▸ Work item
Once the pictures are set aside, repeat all of the data below exactly.

Stored dataset items:
Start of Block

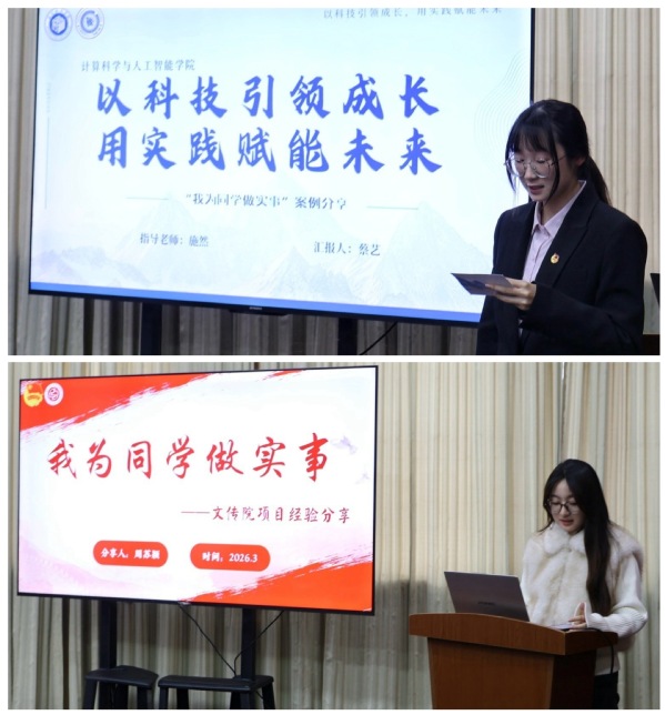 在全国高校学生会组织“我为同学做实事”启航季服务项目网络巡展活动中,我校3个项目从1662个项目中脱颖而出,入选全国代表性实践案例。会上,城市文化与传播学院学生会、计算科学与人工智能学院学生会代表结合入选项目,分享了服务同学的创新实践与特色成果。文传学院学生会立足苏州地域文化优势,分别聚焦非遗传承与就业服务两个领域,打造兼具文化底蕴与实用价值的服务品牌,精准对接学生多元需求。计科学院学生会聚焦新生适应痛点,构建“科技—实践—情感”三维赋能模式,通过科创迎新、文化科技融合实践、阶梯化竞赛培育等举措,切实帮助新生缩短适应周期、建立专业认同、激发学术兴趣。
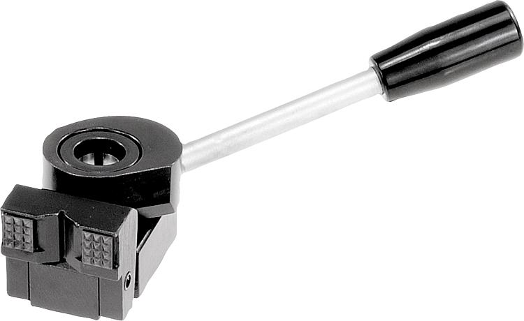 04518_C钢制侧方夹紧块,带锁紧手柄和定心衬套,夹紧块带两个硬质合金插入件,圆形和 V 型 |
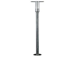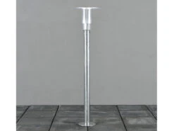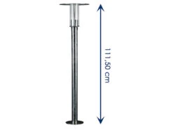 Der schlanke Glasschirm ist mit vier Schrauben an dem Standfuß befestigt, welcher wiederum mittels beigefügtem Pfahl im Boden gesichert wird.
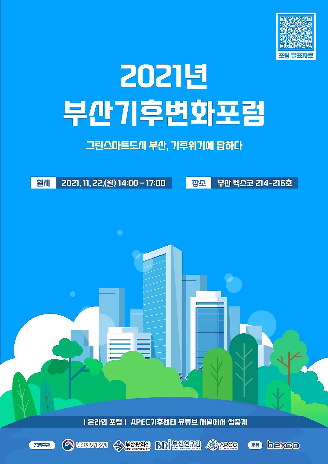 APEC기후센터(APCC)가 참여하고 있는 부산기후변화협의체는 기후위기 대응을 위한 기후변화 관련 과학·정책의 공유 도모와 부산지역 탄소중립의 실현을 위한 소통의 장을 마련하고자 2021년 11월 22일(월) 부산 해운대 벡스코에서 ‘2021년 부산 기후변화 포럼’을 개최하였다.
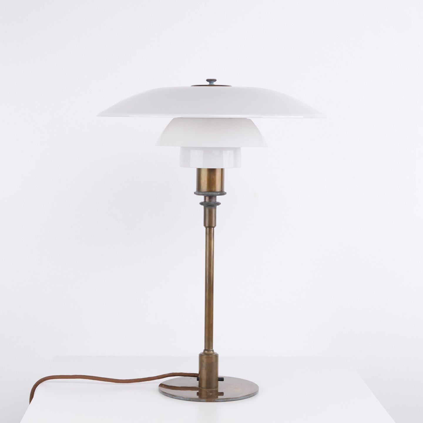 PH 4/3 Tischlampe, entworfen von Poul Henningsen und hergestellt von Louis Poulsen in den 1930er Jahren. Die Lampe ist aus brüniertem Messing gefertigt und mit Schirmen aus weißem Opalglas ausgestattet, die ein angenehmes und diffuses Licht erzeugen.— Herkunft: Dänemark
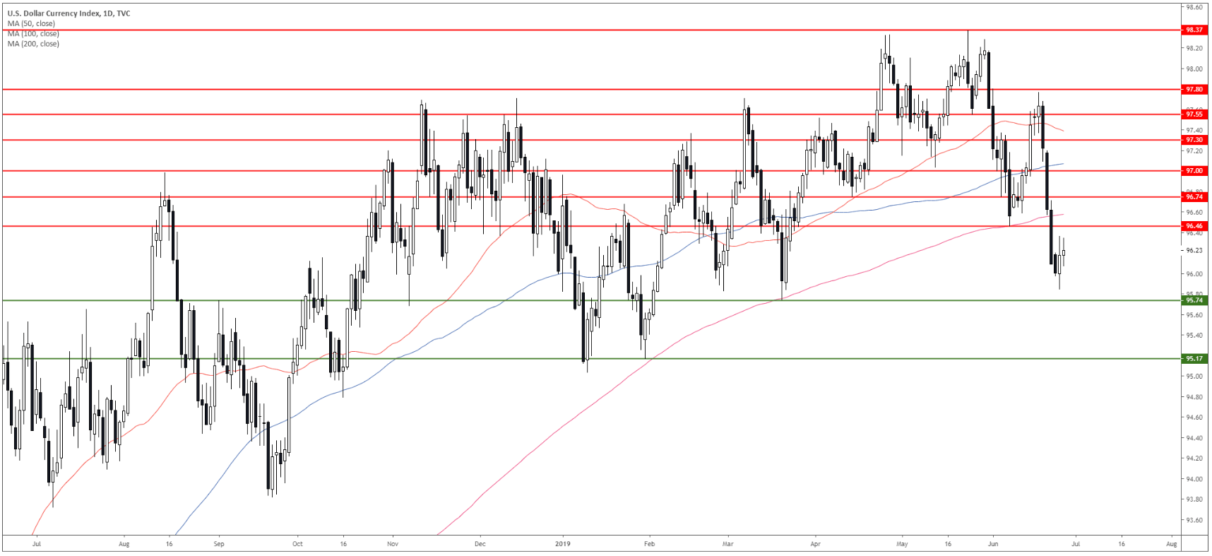 The US Dollar Index (DXY) fell below 96.46 key support and the 200-day simple moving average (DSMA) suggesting that the bull trend might be at risk.

End of Block

▸ Answer to this problem
 在全国高校学生会组织“我为同学做实事”启航季服务项目网络巡展活动中,我校3个项目从1662个项目中脱颖而出,入选全国代表性实践案例。会上,城市文化与传播学院学生会、计算科学与人工智能学院学生会代表结合入选项目,分享了服务同学的创新实践与特色成果。文传学院学生会立足苏州地域文化优势,分别聚焦非遗传承与就业服务两个领域,打造兼具文化底蕴与实用价值的服务品牌,精准对接学生多元需求。计科学院学生会聚焦新生适应痛点,构建“科技—实践—情感”三维赋能模式,通过科创迎新、文化科技融合实践、阶梯化竞赛培育等举措,切实帮助新生缩短适应周期、建立专业认同、激发学术兴趣。
 04518_C钢制侧方夹紧块,带锁紧手柄和定心衬套,夹紧块带两个硬质合金插入件,圆形和 V 型 |
 Der schlanke Glasschirm ist mit vier Schrauben an dem Standfuß befestigt, welcher wiederum mittels beigefügtem Pfahl im Boden gesichert wird.
 APEC기후센터(APCC)가 참여하고 있는 부산기후변화협의체는 기후위기 대응을 위한 기후변화 관련 과학·정책의 공유 도모와 부산지역 탄소중립의 실현을 위한 소통의 장을 마련하고자 2021년 11월 22일(월) 부산 해운대 벡스코에서 ‘2021년 부산 기후변화 포럼’을 개최하였다.
 PH 4/3 Tischlampe, entworfen von Poul Henningsen und hergestellt von Louis Poulsen in den 1930er Jahren. Die Lampe ist aus brüniertem Messing gefertigt und mit Schirmen aus weißem Opalglas ausgestattet, die ein angenehmes und diffuses Licht erzeugen.— Herkunft: Dänemark
 The US Dollar Index (DXY) fell below 96.46 key support and the 200-day simple moving average (DSMA) suggesting that the bull trend might be at risk.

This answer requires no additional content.